ThunderMLA from Stanford researchers, a new optimization approach for variable-length sequence processing to large language model inference that addresses critical performance bottlenecks in attention mechanisms. ThunderMLA builds upon and substantially improves DeepSeek's FlashMLA through the implementation of a completely fused "megakernel" architecture, achieving performance gains of 20-35% across various workloads.

Background

Large language model inference, particularly in attention mechanisms during the decoding phase, faces challenges when handling variable-prompt workloads. While prefill operations typically allow for efficient GPU utilization by parallelizing across batch and sequence dimensions, the decoding phase encounters significant inefficiencies when processing small batches with limited queries.

The fundamental issues arise from the traditional approach of using multiple kernel launches, which introduces considerable overhead. This overhead manifests in three primary ways:

the computational cost of setting up and tearing down separate kernel launches,
tail effects between kernel executions that lead to suboptimal resource utilization,
limitations in batch sizes when running large reasoning models.
These inefficiencies become particularly pronounced in scenarios with imbalanced inputs. For instance, the researchers describe a representative workload involving a batch of four prompts with lengths ranging from 1,696 to 45,118 tokens, generating four new tokens with 8-way tensor parallelism on DeepSeek R1, resulting in 16 heads per GPU.

In this scenario, FlashMLA achieves only 144 TFLOPS and 1,199 GB/s on an SXM H100, substantially below the hardware's advertised capabilities of 939 TFLOPS and 3,300 GB/s. This is a large gap and main premise of the approach is to cover this performance gap.

ThunderMLA: Core Innovations and Architecture

ThunderMLA introduces a completely fused megakernel that eliminates the overhead associated with multiple kernel launches.

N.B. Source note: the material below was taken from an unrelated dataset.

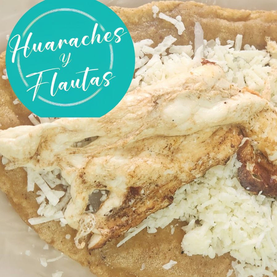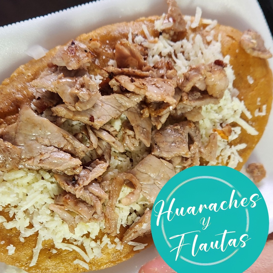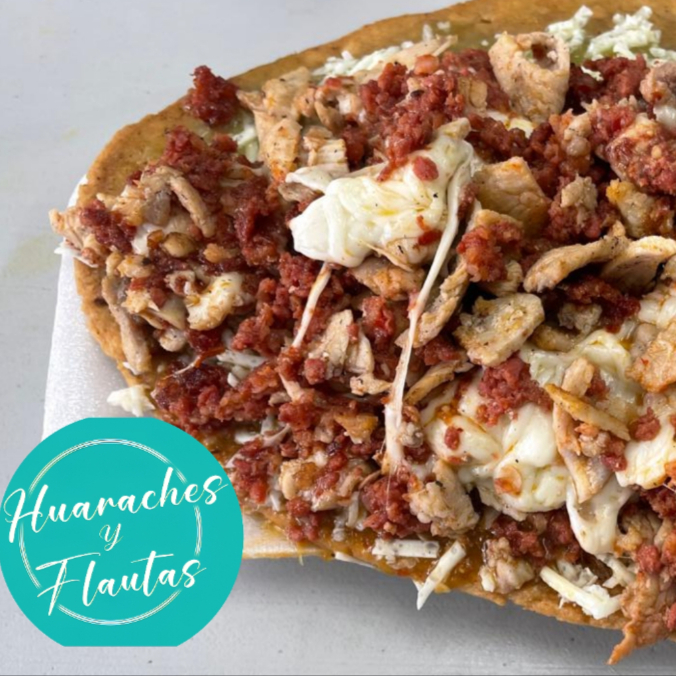 Delicioso huarache de bisteck y longaniza incluye salsa verde y/o roja con cebolla y exquisito queso mantequilla
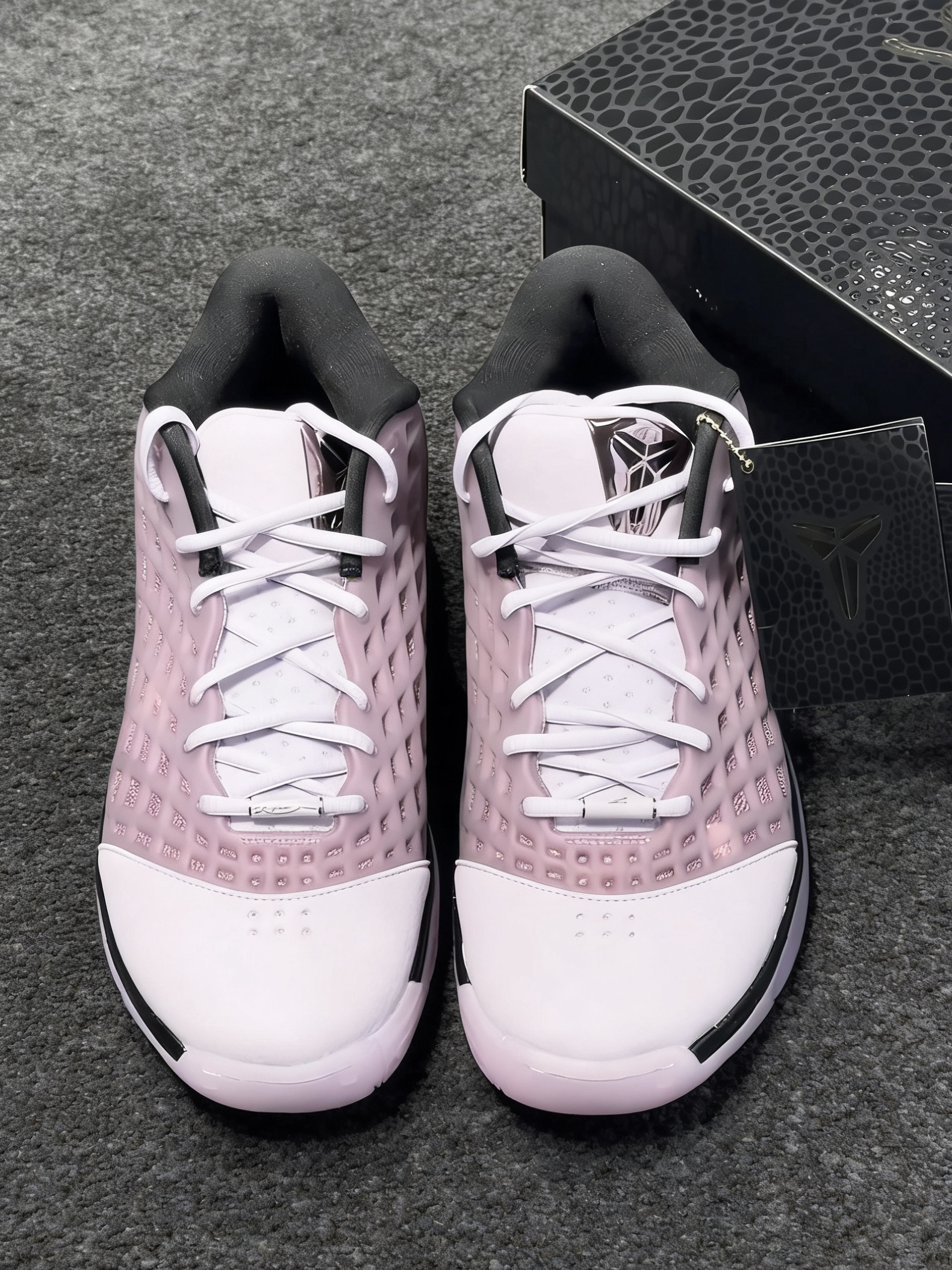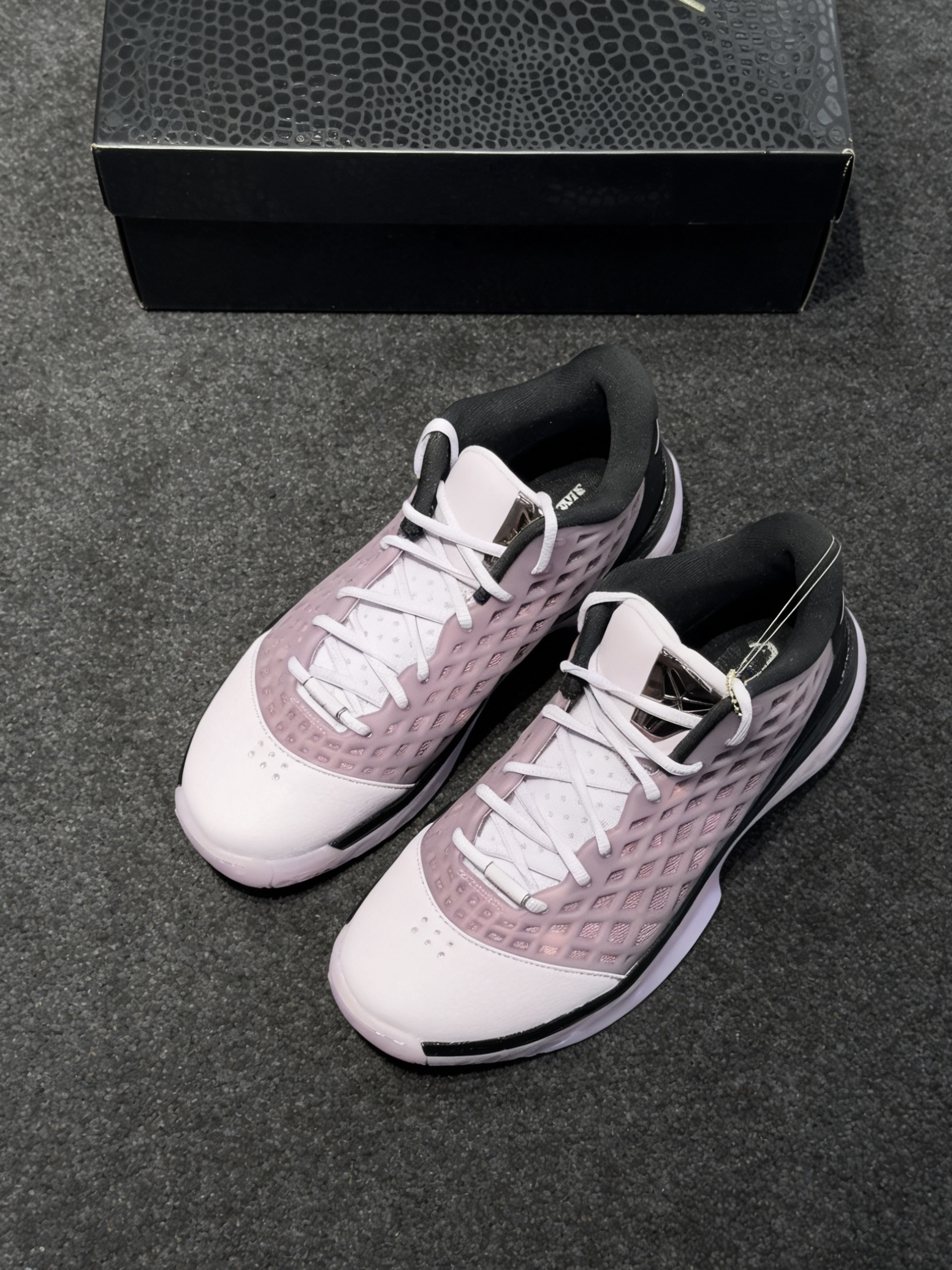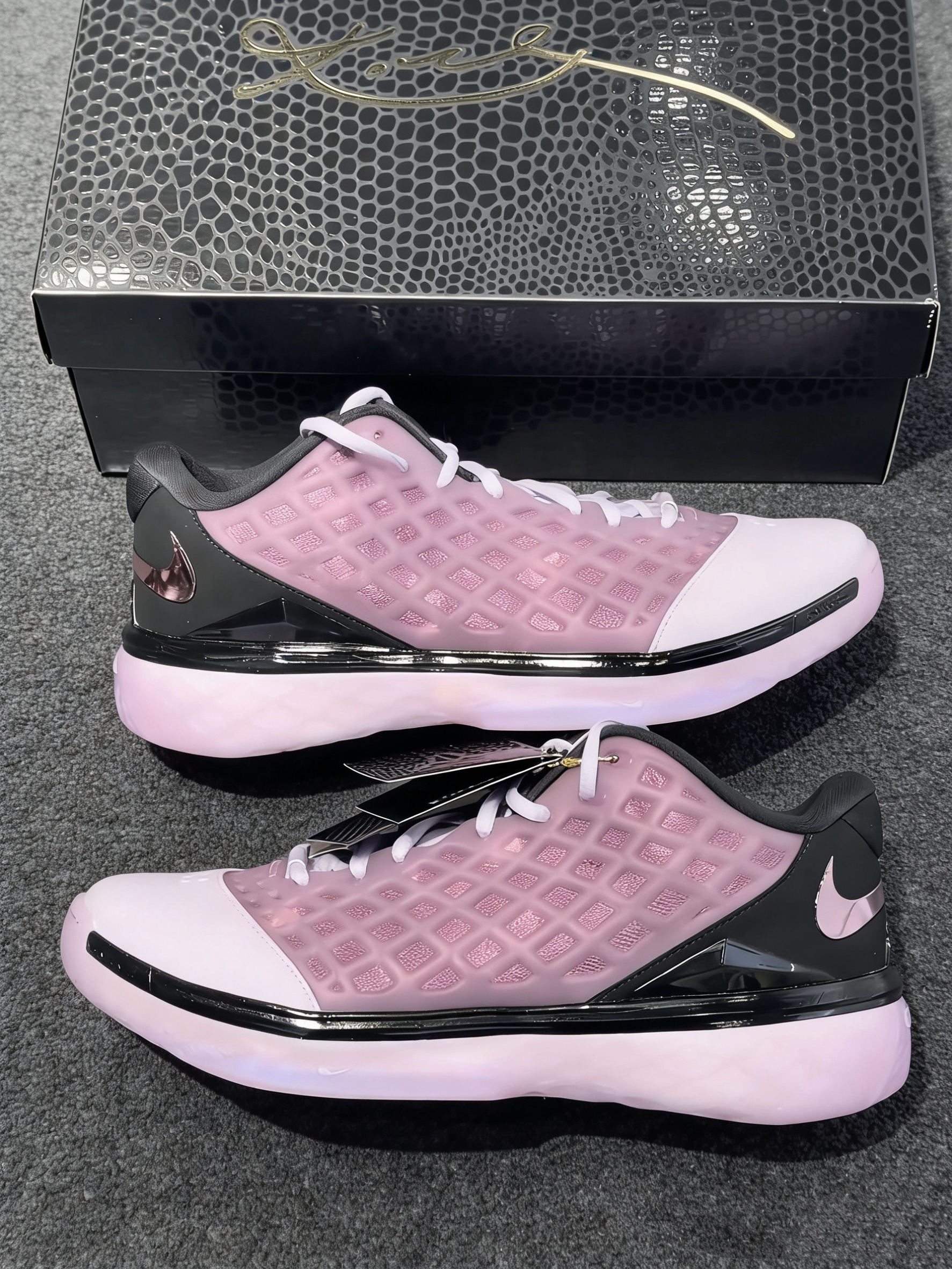 鞋身完美还原了ZK3标志性的网格状工程网布设计,半透明的材质自带通透质感,既能看清鞋身内部的细节,又把当年的经典设计1:1复刻到位,鞋跟的金属光泽Swoosh搭配黑色鞋尾,和粉紫鞋身形成了恰到好处的反差感,细节控直接狂喜。就连中底都做了淡粉渐变的幻彩处理,在光线下自带细腻的光泽感,每一处细节都拉满了诚意。

This approach enables to achieve 183 TFLOPS and 1,520 GB/s on the same representative workload mentioned earlier, reducing execution time from 52 microseconds to 41 microseconds – a substantial 21% improvement.

The architecture consists of four key components:

a novel interpreter template for building megakernels,
the ThunderMLA megakernel implementation itself
two specialized schedulers for work allocation
advanced timing infrastructure for performance analysis.

Traditional GPU programming involves sequences of distinct kernels that exchange data through global memory, whether in L2 cache or HBM. While this approach provides modularity and reusability of kernels, it introduces significant overhead through kernel setup and teardown operations, each potentially consuming several microseconds. Additionally, single-wave tail effects become particularly problematic in fast-decoding scenarios with small batches, and the use of multiple kernels prevents effective data reuse, increasing the GPU's memory bandwidth requirements.

1. ThunderKittens Templates

ThunderKittens template is the framework that provides capability for building megakernels. This approach eliminates kernel launches by creating a virtual instruction set directly on the GPU. Instead of launching separate kernels, the system fuses them into a single megakernel and then passes instructions at runtime through an instruction tensor. Within this megakernel, GPU Streaming Multiprocessors (SMs) read from the instruction tensor, determine the appropriate work to perform, and execute it accordingly.

The implementation involves an interpreter template within ThunderKittens that allows arbitrary simple kernels to be combined into a megakernel, each with its own opcode and instructions. This architecture delivers several key benefits: simplified pipelining within instructions and across loop boundaries, asynchronous fetching of future instructions to minimize overhead, and deep pipelines that effectively hide data fetch latencies both within and across instructions.

What makes this approach particularly efficient is its adaptation of slot attention and token reduction kernels into the interpreter template with minimal device code – just a few hundred lines. The system uses a global tensor as a semaphore to synchronize dependencies across instructions. Once the constituent kernels ("partial" and "reduction") are implemented, the megakernel can be instantiated using a simple template expression: interpreter::kernel<config, partial_template, reduction_template>.

ThunderMLA vs. DeepSeek's FlashMLA

One can compare FlashMLA with DeepSeek’s FlashMLA, which was released on February 24, 2025, during DeepSeek's Open Source Week.

FlashMLA is specifically optimized for NVIDIA's Hopper GPUs and incorporates important features like BF16 support and a paged KV cache with a block size of 64. DeepSeek's implementation draws inspiration from projects such as FlashAttention 2&3 and CUTLASS, making it a strong baseline for comparison.

ThunderMLA achieved a 23.6% speedup compared to FlashMLA in the above workload. The performance advantages extend across diverse workloads: for a batch size of 1 with a sequence length of 65,536 and a single query token, ThunderMLA demonstrated a 23.6% speedup; for 64 batches with random sequence lengths between 256-1024 and 4 query tokens, it showed a 19.0% improvement; and for 64 batches with a sequence length of 512 and 2 query tokens, the advantage increased to 36.3%.

These performance gains derive from ThunderMLA's fundamentally different approach to kernel execution. While FlashMLA excels at handling variable-length sequences through optimized memory usage and computation on Hopper GPUs, ThunderMLA takes this optimization a step further by eliminating the overhead associated with multiple kernel launches and introducing sophisticated scheduling techniques.

Advanced Scheduling Approaches in ThunderMLA

A critical component of ThunderMLA's performance advantages lies in its scheduling strategies. ThunderMLA uses two distinct approaches to scheduling work and generating instruction tensors: a Static Scheduler and a more sophisticated Makespan Backwards Scheduler.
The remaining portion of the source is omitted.